- League: Midwest Basketball Conference
- Head coach: Bill Hosket Sr. (player-coach)
- Owner(s): Dayton Metropolitan Clothing Stores
- Arena: Montgomery County Fairgrounds Coliseum

Results
- Record: 4–6 (.400)
- Place: Division: 4th (Eastern)
- Playoff finish: Did not qualify

= 1935–36 Dayton Metropolitans season =

MBC professional basketball team season

The 1935–36 Dayton Metropolitans season was the inaugural season of play for the Dayton Metropolitans in the inaugural season of existence for the Midwest Basketball Conference (MBC), which would exist for one more season after this one before it rebranded itself into the United States' National Basketball League (NBL) by the 1937–38 season. Under the combined work of Akron Firestone Non-Skids head coach Paul Sheeks and Indianapolis Kautskys owner and head coach Frank Kautsky, the two individuals would create the Midwest Basketball Conference as a sort of spiritual successor to the National Professional Basketball League that the two teams had played under, but with a whole new bunch of teams joining in this league to replace the original teams that were first in that version of the NPBL (many of which were no longer existing at the time), including a Canadian team and the Dayton Metropolitans.
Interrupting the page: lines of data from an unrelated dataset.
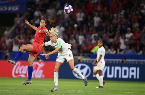 | L'Américaine Carli Lloyd au duel avec la défenseure de l'Angleterre, Steph Houghton, en demi-finale de la Coupe du monde, le 2 juillet à Lyon. |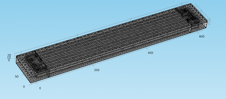 小弟打算对叉指传感器的电容进行模拟。 但由于纵横比太大(叉指电极长570;厚度0.2),在进行网格化的时候遇到了困难。 小弟参考COMSOL官网的方法(http://cn.comsol.com/blogs/impro ... -with-swept-meshes/)进行扫掠处理: 先将电极部分进行切分,再用扫掠的方法将中间指状部分进行网格化。 但现在遇到的问题是:中间指状部分已成功网格化,而两边的叉指电极两头(下图绿色部分)却不知道怎么去网格化。 由于小弟刚接触COMSOL不久,对软件不太熟悉,还希望各位大神能详细指导。。 2016-09-17_013908.png 2016-09-17_013944.png 2016-09-17_014024.png |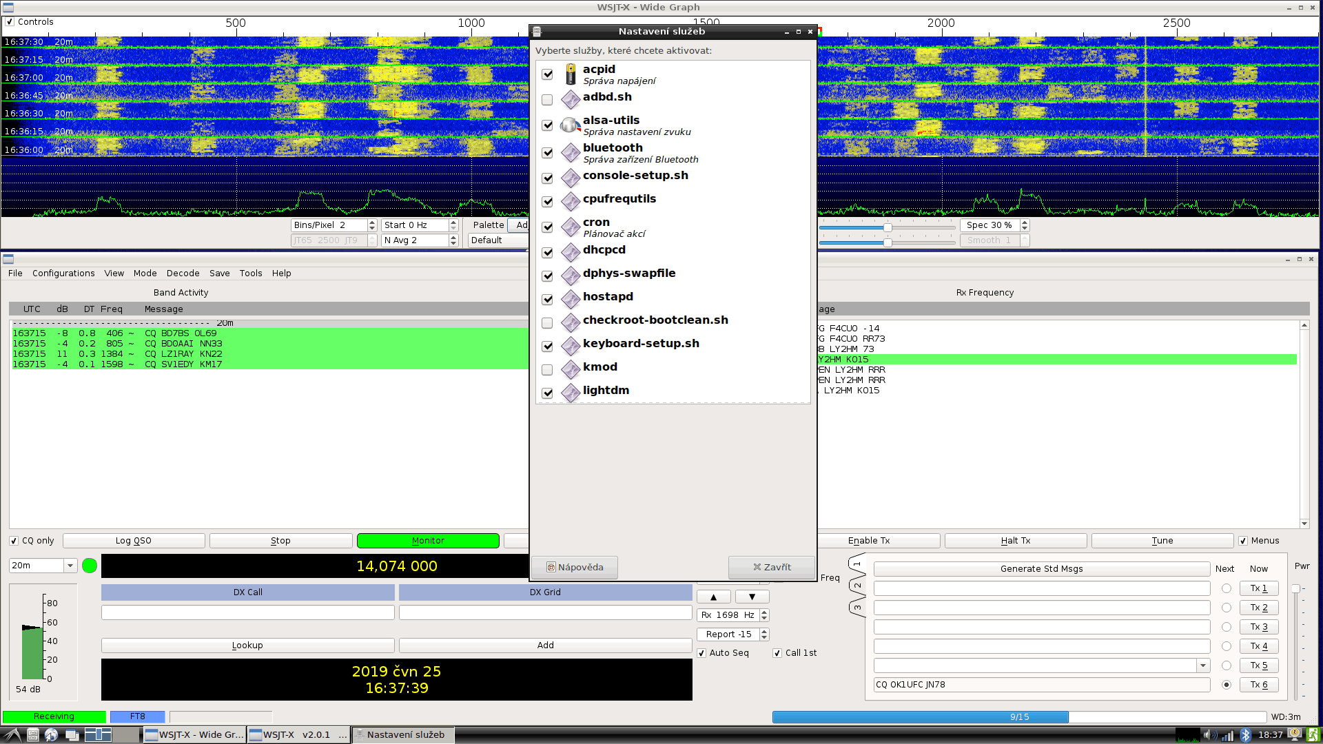 2. Druhý den jsem stáhnul balíček WSJTX, nastavil služby (hlavně alsa utils), časovou synchronizaci z NTP serverů.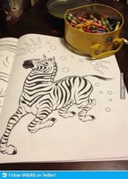 색칠할 필요가 없는 그림이 공개됐다. 최근 각종 온라인 커뮤니티 게시판에는 ‘색칠 필요 없는 그림’이라는 제목으로 한 장의 사진이 올라왔다. 공개된 사진은 유아들을 위한 색칠공부책의 한 페이지로 얼룩말 그림이 담겨 있다. 그런데 검정색은 이미 칠해져 있는 상태로 흰색은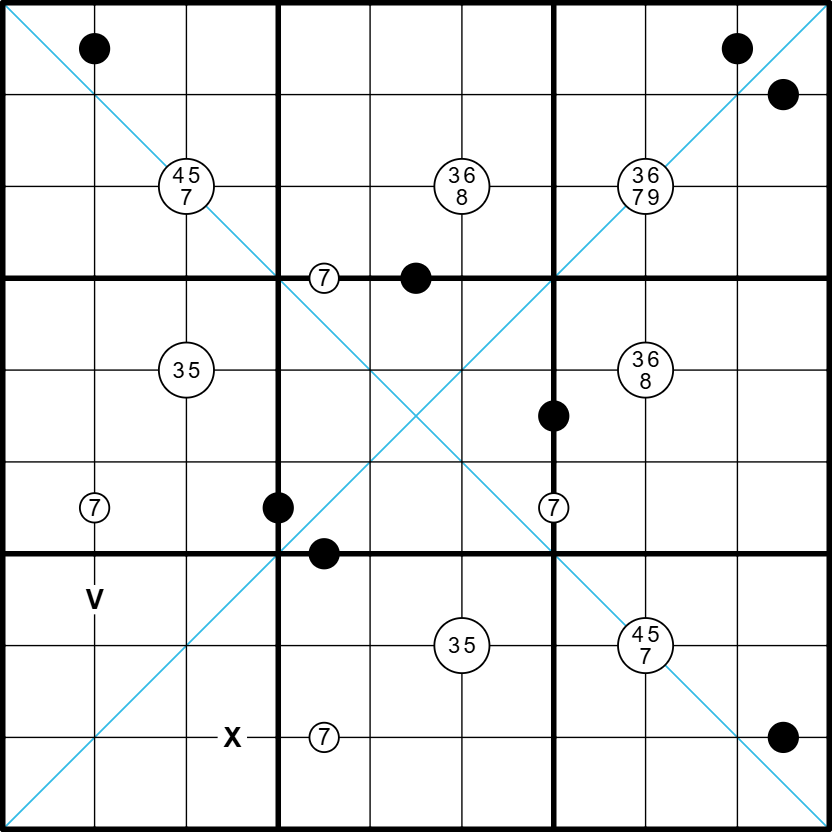 X/V: Digits in cells joined by an X sum to 10. Digits in cells joined by a V sum to 5. Not all Xs and Vs are given.

Because of the more loose structure in the MBC at the time, each division originally had four teams each before it later ended up adding a ninth team late into the season to have four teams in the Eastern Division (Dayton's division) and five teams in the Western Division with the late addition of the Chicago Duffy Florals. Unfortunately for Dayton, they would end up being the worst team in the Eastern Division, as they finished the season with a below-average 4–6 finish for last place in their division (though it wouldn't be the worst record in the league that season). Following this season's conclusion, the Dayton Metropolitans would be sold off from the Dayton Metropolitan Clothing Stores to the Miami Valley Brewing Company to be rebranded as the Dayton London Bobbys for the second and final MBC season of play before returning to the Dayton Metropolitans name in time for the 1937–38 National Basketball League season.

==Roster==
Due to information on Midwest Basketball Conference players being generally hard to find, there are bound to be more gaps and/or inaccuracies found in certain areas on the team's roster spots than usual.

| Player | Position |
|---|---|
| Bobby Colburn | G-F |
| Cookie Cunningham | F-C |
| Bill Hosket Sr. | C |
| Herbie Hutchisson | G |
| Buck Lamme | G |
| Bus McMillen | G-F |
| Gene Mechling | G |
| Max Padlow | G-F |
| Howard Stammler | G-F |
| Norm Wagner | C |
| Red Wilson | C-F |

==MBC Standings==
===Eastern Division===

| Pos. | Eastern Division | Wins | Losses | Win % |
|---|---|---|---|---|
| 1 | Akron Firestone Non-Skids | 11 | 7 | .611 |
| 2 | Pittsburgh Y.M.H.A. | 10 | 7 | .588 |
| 3 | Buffalo Bisons | 7 | 8 | .467 |
| 4 | Dayton Metropolitans | 4 | 6 | .400 |

===Western Division===

| Pos. | Western Division | Wins | Losses | Win % |
| 1 | Indianapolis Kautskys | 9 | 3 | .750 |
| 2 | Chicago Duffy Florals‡ | 3 | 2 | .600 |
| 3 | Detroit Hed-Aids‡ | 9 | 7 | .563 |
| 4 | Indianapolis U.S. Tires | 5 | 9 | .357 |
| 5 | Windsor Cooper Buses | 2 | 11 | .154 |
^{‡} Chicago would gain the final playoff spot over Detroit despite not meeting the required minimum of 12 games played.